AGREEMENT between Europe’s Council of Ministers and the European Parliament has been reached on the Third Railway Package, and ratification is anticipated in a vote during a plenary session in Strasbourg in September.

A ‘conciliation agreement’ was confirmed by an exchange of letters on June 20. Implementation of the Third Package will see international passenger services opened up to competition from January 1 2010, and there is a requirement for the European Commission to assess within two years after the Directive comes into force if domestic services should also be liberalised. Given that French President Nicolas Sarkozy succeeded at a European Union summit on June 24 in having a reference to ‘free and undistorted competition’ as one of the Union’s principal objectives removed from the proposed EU treaty, the chances of competition becoming mandatory on domestic passenger services would appear somewhat diminished.

The requirement for train drivers to hold a certificate stating that they meet minimum requirements in terms of medical fitness, education and professional skills was agreed. The European Railway Agency is to draw up a report 18 months after the Directive enters force identifying other staff performing safety-critical tasks who should also be required to hold a licence. On the assumption that this policy is accepted, the European Commission will then have 12 months in which to propose a new law.

Compromise was finally reached on passengers’ rights, with the Parliament persuading the Council that domestic as well as international passengers should be covered by the law when it comes into force in 2009. However, apart from certain basic rights, indefinite exemptions will be granted for short-distance services, and states will be able to exempt long-distance domestic rail services from certain provisions for an initial period of five years, with two further five-year periods to follow.

Passengers’ rights on international services include compensation worth 25% of the fare for a delay of 1 h or more and 50% for a delay of 2 h or more – provided that the operator is responsible for the delay. Ultimately, the same arrangements are envisaged for long-distance domestic services.

MEPs in the Transport Committee were later required to turn their attention to a report on freight transport logistics by MEP Inés Ayala Sander. The report included a proposal to allow rules on lorry sizes to be changed to permit a weight of 60 tonnes or a length of 25 m, but during a vote on July 12 an amendment was adopted requiring member states to seek explicit permission from the European Commission if they wished to authorise such vehicles.

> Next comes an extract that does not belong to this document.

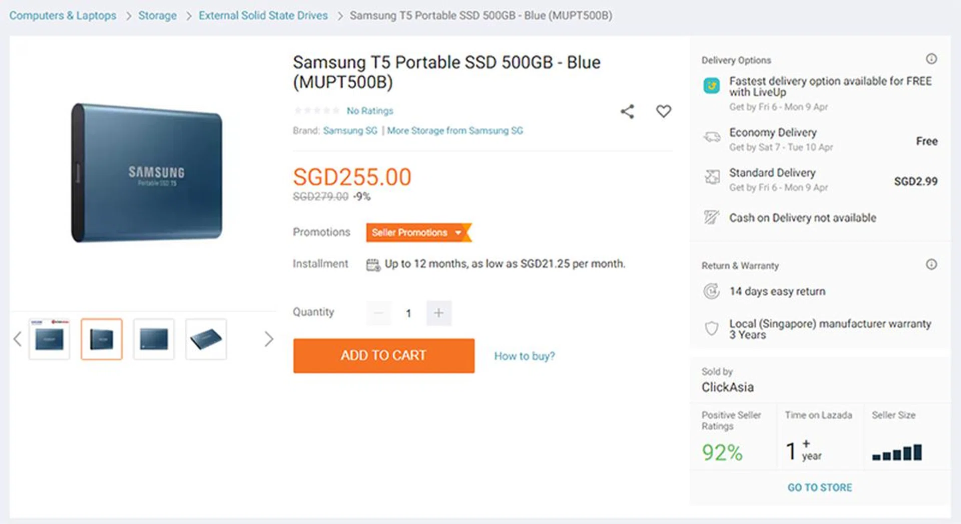 The Samsung T5 SSD 500GB is available to buy on Lazada now at S$255 (U.P. S$279). You can check out how it performs against other portable SSDs here.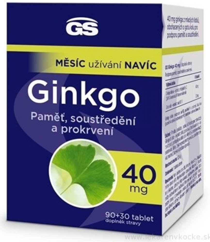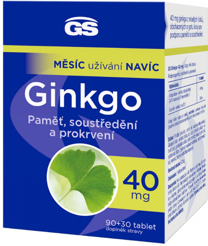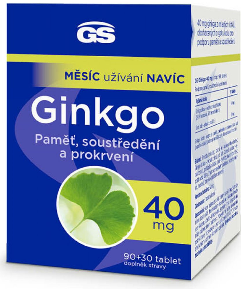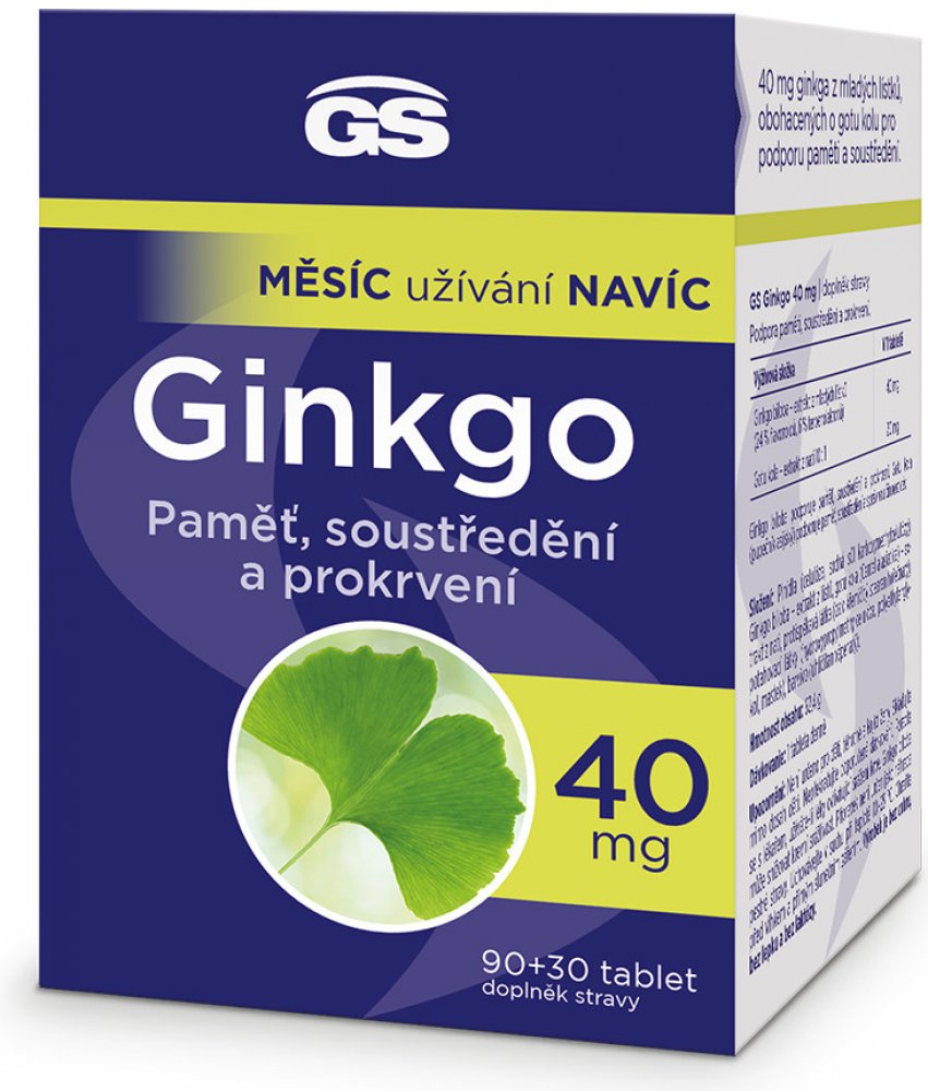 Prémiový přípravek s obsahem extraktu z mladých lístků ginkga, obohaceného o gotu kolu pro podporu paměti a soustředění. GS Ginkgo 40 mg obsahuje 40 mg standardizovaného extraktu z mladých lístků ginkga, který se získává speciální technologií, čímž je zaručeno vysoké množství nejdůležitějších účinných látek v každé tabletě. Výhodné balení s měsícem užívání navíc.

The Commission is shortly to launch a study on the possible effects of mega-trucks on the European road network, other than in Sweden and Finland where they are already permitted. Pressure to sanction the use of larger lorries is certain to rise, and Europe’s railway organisations launched their own campaign against the proposal on July 20. Publishing a document setting out the likely effects of mega-trucks, UIC, CER, EIM, UIRR, Unife and ERFA warned that they would cause a ‘re-shift’ of traffic from rail to road, putting intermodal traffic in particular at risk; a study by English Welsh & Scottish Railway has indicated that bulk traffic could also switch to road.

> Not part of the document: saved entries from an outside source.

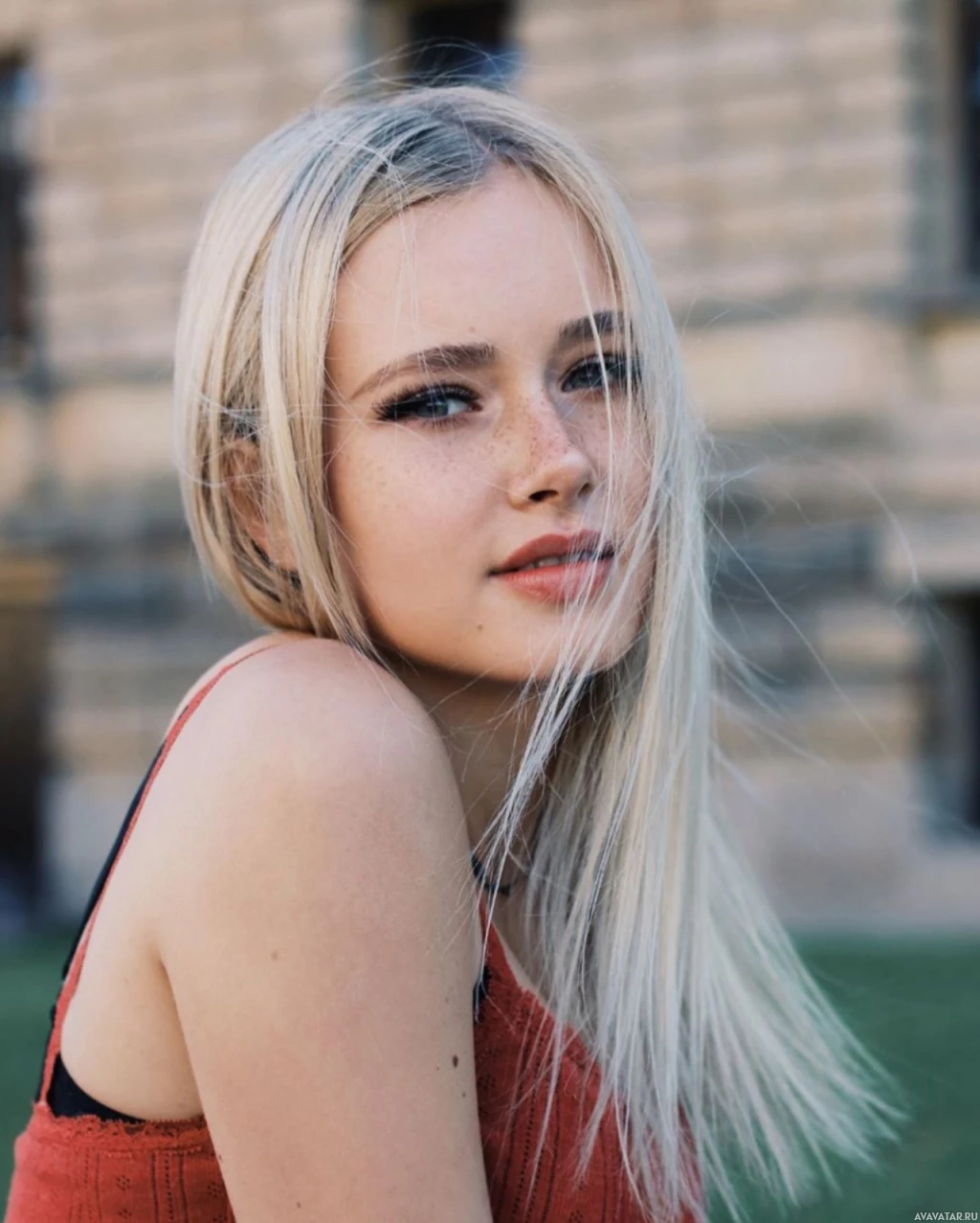 На картинке изображена молодая женщина со светлыми волосами. Судя по естественному освещению и наличию чего-то, что может быть травой или садом на заднем плане, она находится на открытом воздухе, возможно, в парке или на улице. Она одета в повседневный топ и, похоже, позирует для фотографии. Выражение ее лица расслабленное, на нем легкая улыбка.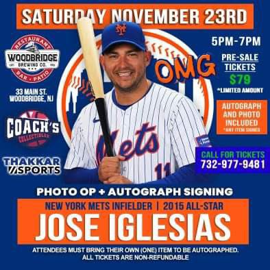 On Saturday, November 23rd, from 5p.m. to 7p.m., New York Mets free agent infielder and singer known by his stage Candelita, Jose Iglesias will be meeting and greeting fans at Woodbridge Brewing Co. at 33 Main Street in Woodbridge New Jersey.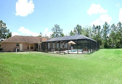 HERE IT IS!!!! BRICK HOME, POOL AND YES LAND TOO!!! full brick home with a gorgeous in-ground salt pool! Close to Jennings Forest with a total of 9.1 acres, including 2 ponds, make this a great property for horses or livestock. Land is separated into 2 parcels which would allow for an additional home on back acreage. This unique property is completely fenced with automatic gate, great floor plan, formal dining room, nicely appointed kitchen with pantry and breakfast nook, and family room with gas fireplace. Large master suite with double vanity, garden tub and separate shower, large conditioned Florida room overlooks the sparkling screened pool, outside pool bath to keep wet feet from tracking in, attached 2 car garage and so much more!

The railway organisations also drew attention to the need for significant levels of funding to strengthen bridges and modify road infrastructure to accommodate heavier and longer vehicles, warning also that the external costs generated by heavier lorries would not be borne by users but by taxpayers. CER took the opportunity of emphasising these points at a meeting with Transport Commissioner Jacques Barrot on July 18, calling for the EU to integrate its transport and environmental policies. Use of mega-trucks, it said, would reduce prices in the road sector as external costs were not taken into account – so switching traffic from rail to road and contradicting a fundamental tenet of EU transport policy.

A pointer to the likely outcome of the debate may come on October 10 when transport ministers in the German Länder are due to decide whether giant lorries should be permitted on German roads.